Varsayımların Puslu Işığında Molekülleri Anlamak

265
0
VARSAYIMLARIN PUSLU IŞIĞINDA MOLEKÜLLERİ ANLAMAK

Yazı tura oyununun rastlantısal sonuçları üzerine ne yapacağımıza karar verdiğimiz durumları birçoğumuz muhakkak yaşadık. Sinemaya veya yüzme havuzuna gitme konusunda kararsız kalan iki arkadaş, ne yapacaklarını madeni bir paranın inisiyatifine bırakabilir! Yazı gelirse sinema ya da tura gelirse yüzme havuzu. Peki, gerçekten madeni paranın yazı veya tura gelecek olması tamamen rastlantısal mı, yoksa gerekli hesaplamalarla doğru tahmin edilebilir mi? Aslında Klasik mekanik yasaları olarak adlandırdığımız fizik yasaları bu durumu net bir şekilde tahmin edebilir. Hatta doğa yasalarını barındıran algoritmalar yazarak sonucu bir bilgisayar programına bile tahmin ettirebiliriz.

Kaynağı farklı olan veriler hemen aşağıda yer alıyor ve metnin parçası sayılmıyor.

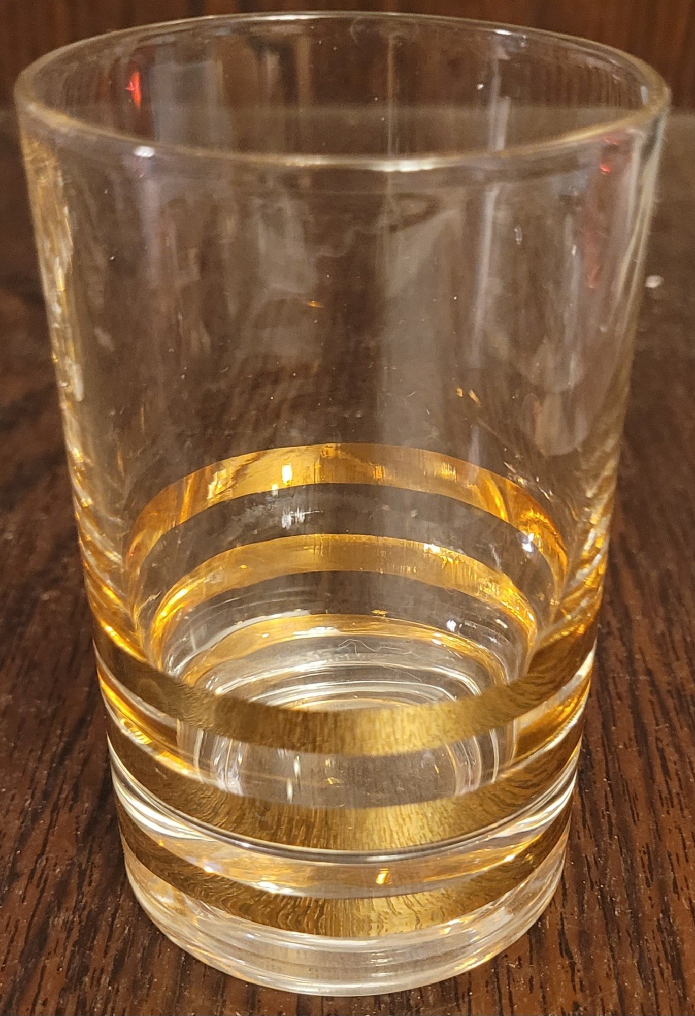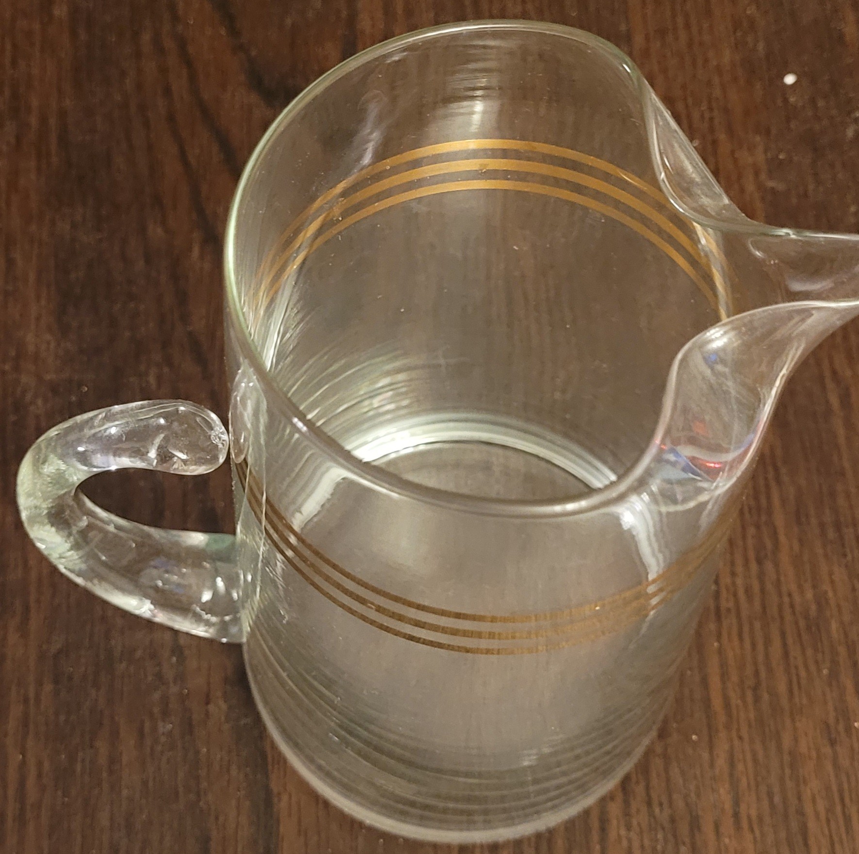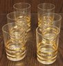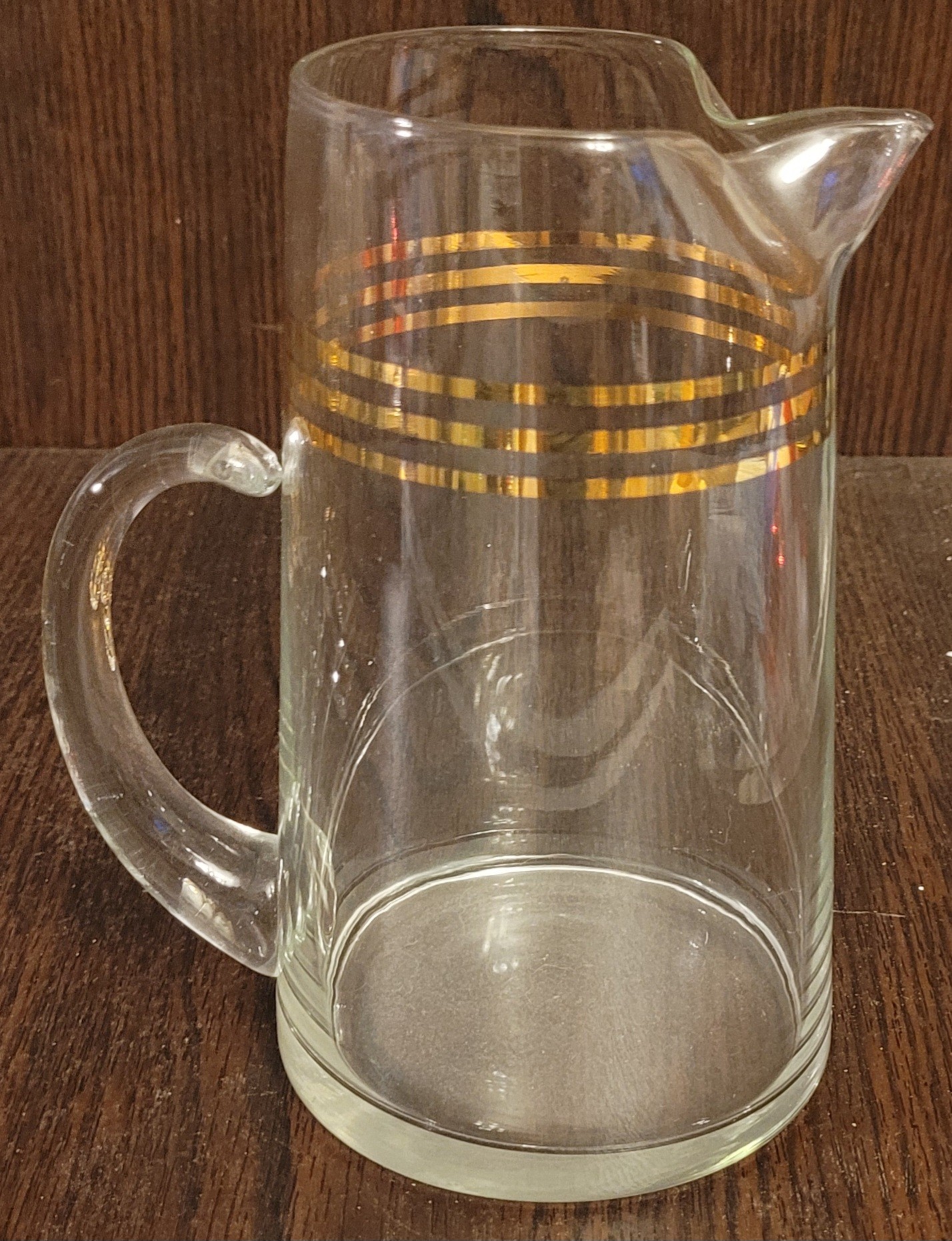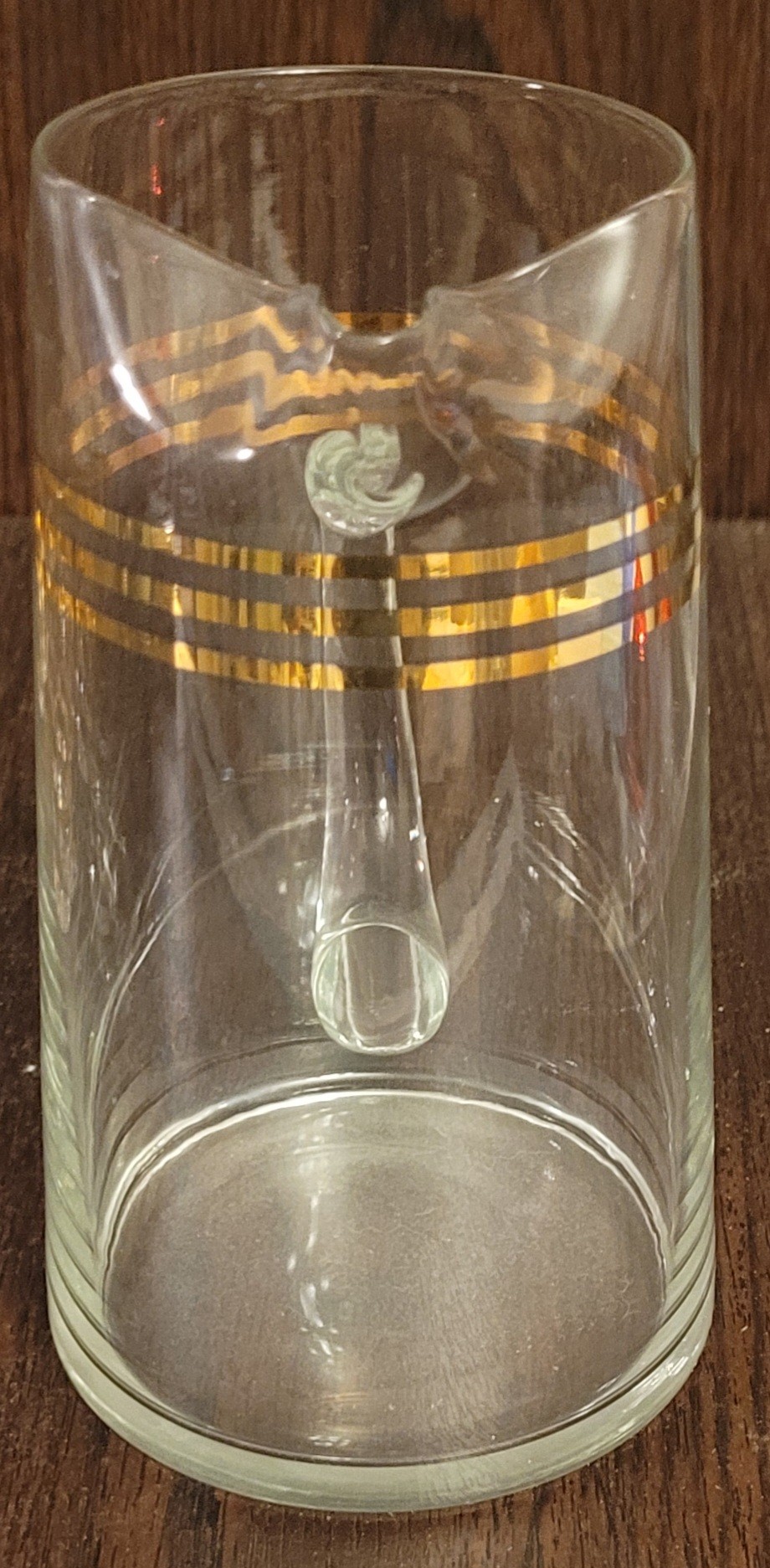 This vintage Mid Century Modern decanter is perfect for serving juice or cocktails. The gold color and horizontal lines on the trim add a touch of elegance to any bar or kitchen. This decanter comes with 6 glasses and is made of high-quality glass material. The brand is unmarked, and it is a vintage original from the 1940s, 1950s, and 1960s. It is a great addition to any collection of drinkware and barware.
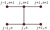 suponiendo que se usa una malla cuadrada en la que . Estas ecuaciones pueden ser simplificadas algo, ordenando sus términos y usando el número de Courant:
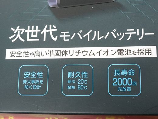 準固体リチウムイオン電池を採用したモバイルバッテリー

Klasik mekanik yasaları bir parçacığa etki eden kuvvetin, parçacığın hız, belirli bir zaman sonra konumu, enerjisi, momentumu ve torku gibi fiziksel özelliklerin ne olduğuna dair nicel söylemlerde bulunur. Bunu yaparken de bir kesinlik belirtir. Eğer yazı tura oyununda, madeni paranın kütlesini, ona fırlatırken uyguladığımız kuvvet, paranın atıldığı yerdeki kütle çekimi ivmesi, o andaki hava sıcaklığı varsa rüzgâr ve paranın hangi mesafede yakalanacağı değerleri ile paranın dönme frekansı hesaplanabilirse, henüz parayı atmadan sonucun ne olacağını bilebiliriz. Bu klasik fiziğin makro evreni anlama konusunda bizlere sunduğu bir özelliktir. Bugün bu sayede uzay araçları sorunsuz bir şekilde uzaya fırlatılabiliyor ve neredeyse kusursuza yakın hava durumu tahminlerinde bulunulabiliyor. Klasik mekanik yasaları şu anda durumunu bildiğimiz bir nesnenin daha önce nerede ne yapıyor olduğunu ve daha sonra nerede ne yapacak olduğu hakkında kesin tahminlerde bulunmamızı sağlar.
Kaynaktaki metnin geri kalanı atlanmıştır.